Golden Sun : Obscure Aurore - Test

La Nintendo DS accueille l'une des sagas de RPG les plus appréciées de l'époque Game Boy Advance. Un tout nouvel opus sans grande originalité et un peu obscur, comme l'évoque son titre, mais assez efficace.

Toujours considéré comme un solide représentant du RPG tour par tour vieille école, Golden Sun n'entend pas évoluer avec cet épisode sur Nintendo DS, même sept ans après le second épisode GBA.

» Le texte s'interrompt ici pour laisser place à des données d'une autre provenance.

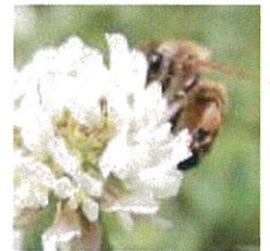
【採蜜するミツバチ】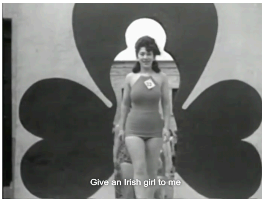
Mother Ireland, részlet, © Derry Film and Video Workshop

Idén az OFF-Biennále fő témája a biztonság , ezt vizsgálja az Ezek a falak nem minket védnek című kiállítás is, ahol a munkások szerepel. A koncepciót eredetileg a 39. EVA International vendégprogramjaként, a Little did they know projekten belül született meg, mely esemény kulcsfogalma a bizonytalanság volt. A biztonság és a bizonytalanság antonimiái mentén a kiállítások mégis hasonlóan fontos problémákat emeltek témává. Hogyan látod a munkásokat ebben a kontextusban?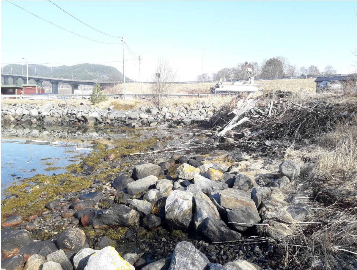
Figur 3. Område avsatt til badeplass i gjeldende reguleringsplan benyttes til tømming av hageavfall. Sett mot øst.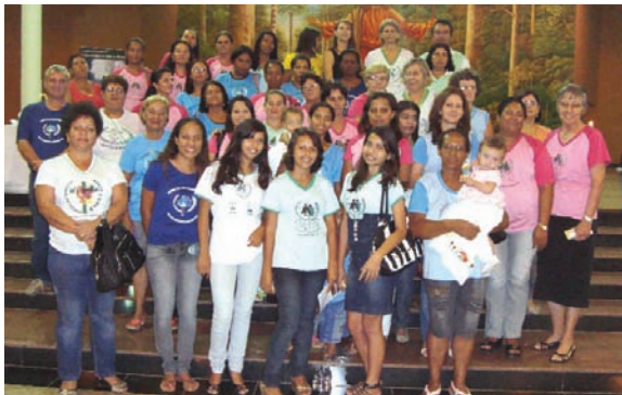
Participantes do mutirão.

Estamos aqui para relatar a todos uma união que vem dando certo em nosso Setor, nas nossas capacitações. Desde o ano de 2009, que o Setor Sinop está realizando os Mutirões de Capacitação, onde são realizadas várias capacitações ao mesmo tempo. Dessa forma, diminuímos o número de capacitações ao longo do ano. Durante esse Mutirão cada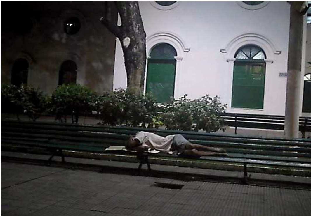
Foto VI – Morador de rua dormindo na Praça do Carmo (Checagem do Mapeamento)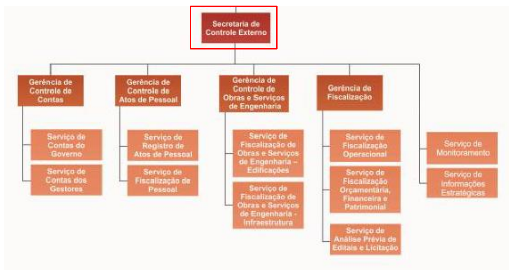
Figura 1. Organograma da área

A figura 1 apresenta o organograma da unidade organizacional, cuja inspeção tem como foco o quantitativo de processos (unidade organizacional em vermelho).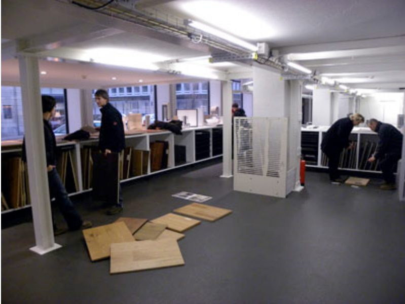
SBC.2 am Samstag 9. Januar 2010

Sehr geehrte Damen und Herren, liebe Freunde der SBC.2 / SBCZ

Une chose est certaine : le joueur des précédents Golden Sun retrouvera immédiatement ses marques, le système de jeu n'ayant pas véritablement évolué. Pourquoi changer une recette qui marche, même après plusieurs années ? Certains principes pourront sembler un brin archaïque, mais le gameplay est suffisamment intelligent pour y trouver du plaisir, même si le degré de personnalisation reste faible par rapport à certains autres gros titres.
Rappelons donc le concept des Djinns, déjà présent par le passé. Sur leur chemin, les héros pourront rencontrer ces petites créatures affiliées à un des quatre éléments, et les emmener avec eux - moyennant un tabassage en règle la plupart du temps. Le joueur pourra alors lier le Djinn ramassé à un de ses personnages, en respectant un principe de répartition équitable : pas plus d'un Djinn de différence entre les personnages. La créature apporte non seulement un bonus aux caractéristiques du personnage lié, mais également certains pouvoirs utilisables en ou hors combat (moyennant de la psynergie, la magie locale). En outre, lors d'un affrontement, le Djinn peut être utilisé pour lancer un sort de plus grande envergure, avec pour seule contrepartie la mise en attente de la créature (les bonus aux caractéristiques disparaissent donc, affaiblissant le personnage). Quant aux Djinns non liés, ils peuvent être invoqués pour déployer des pouvoirs magiques encore plus puissants !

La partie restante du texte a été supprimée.